Work required: The records below need to be repeated exactly, with every picture left out.
Information given section start
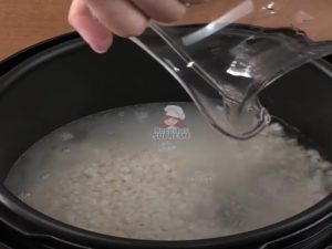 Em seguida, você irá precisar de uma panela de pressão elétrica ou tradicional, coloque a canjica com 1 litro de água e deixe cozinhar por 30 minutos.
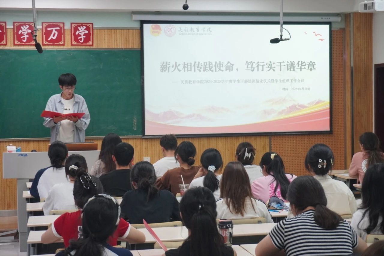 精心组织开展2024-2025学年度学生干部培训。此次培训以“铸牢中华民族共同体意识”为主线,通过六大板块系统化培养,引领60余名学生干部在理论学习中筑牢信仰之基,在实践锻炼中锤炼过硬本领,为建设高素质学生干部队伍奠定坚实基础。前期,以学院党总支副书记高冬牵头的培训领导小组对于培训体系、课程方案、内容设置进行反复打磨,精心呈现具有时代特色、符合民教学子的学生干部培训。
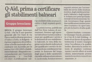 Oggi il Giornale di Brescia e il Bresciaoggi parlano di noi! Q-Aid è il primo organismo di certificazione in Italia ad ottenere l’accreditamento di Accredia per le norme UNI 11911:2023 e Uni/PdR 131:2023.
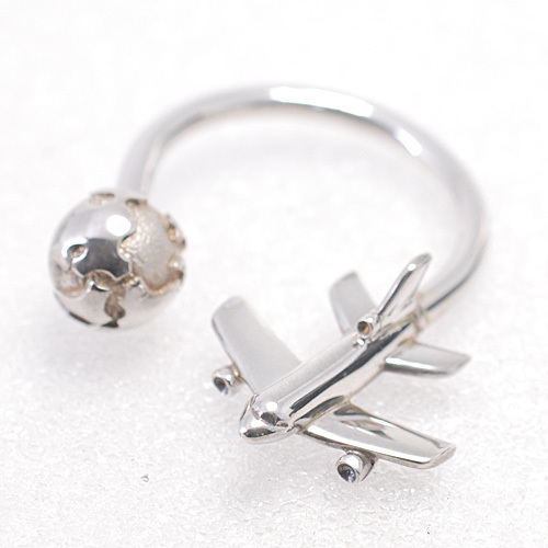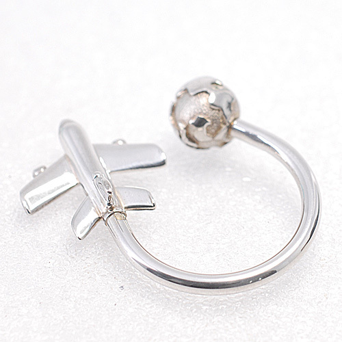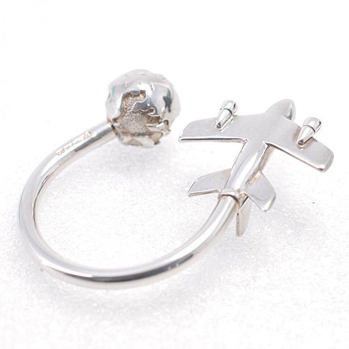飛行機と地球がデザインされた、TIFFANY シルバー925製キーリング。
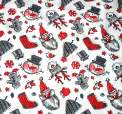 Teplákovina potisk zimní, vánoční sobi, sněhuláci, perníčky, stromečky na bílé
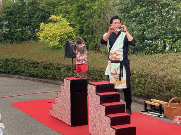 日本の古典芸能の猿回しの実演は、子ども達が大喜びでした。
Information given section end
Answer for this exercise:
 Em seguida, você irá precisar de uma panela de pressão elétrica ou tradicional, coloque a canjica com 1 litro de água e deixe cozinhar por 30 minutos.
 精心组织开展2024-2025学年度学生干部培训。此次培训以“铸牢中华民族共同体意识”为主线,通过六大板块系统化培养,引领60余名学生干部在理论学习中筑牢信仰之基,在实践锻炼中锤炼过硬本领,为建设高素质学生干部队伍奠定坚实基础。前期,以学院党总支副书记高冬牵头的培训领导小组对于培训体系、课程方案、内容设置进行反复打磨,精心呈现具有时代特色、符合民教学子的学生干部培训。
 Oggi il Giornale di Brescia e il Bresciaoggi parlano di noi! Q-Aid è il primo organismo di certificazione in Italia ad ottenere l’accreditamento di Accredia per le norme UNI 11911:2023 e Uni/PdR 131:2023.
飛行機と地球がデザインされた、TIFFANY シルバー925製キーリング。
 Teplákovina potisk zimní, vánoční sobi, sněhuláci, perníčky, stromečky na bílé
 日本の古典芸能の猿回しの実演は、子ども達が大喜びでした。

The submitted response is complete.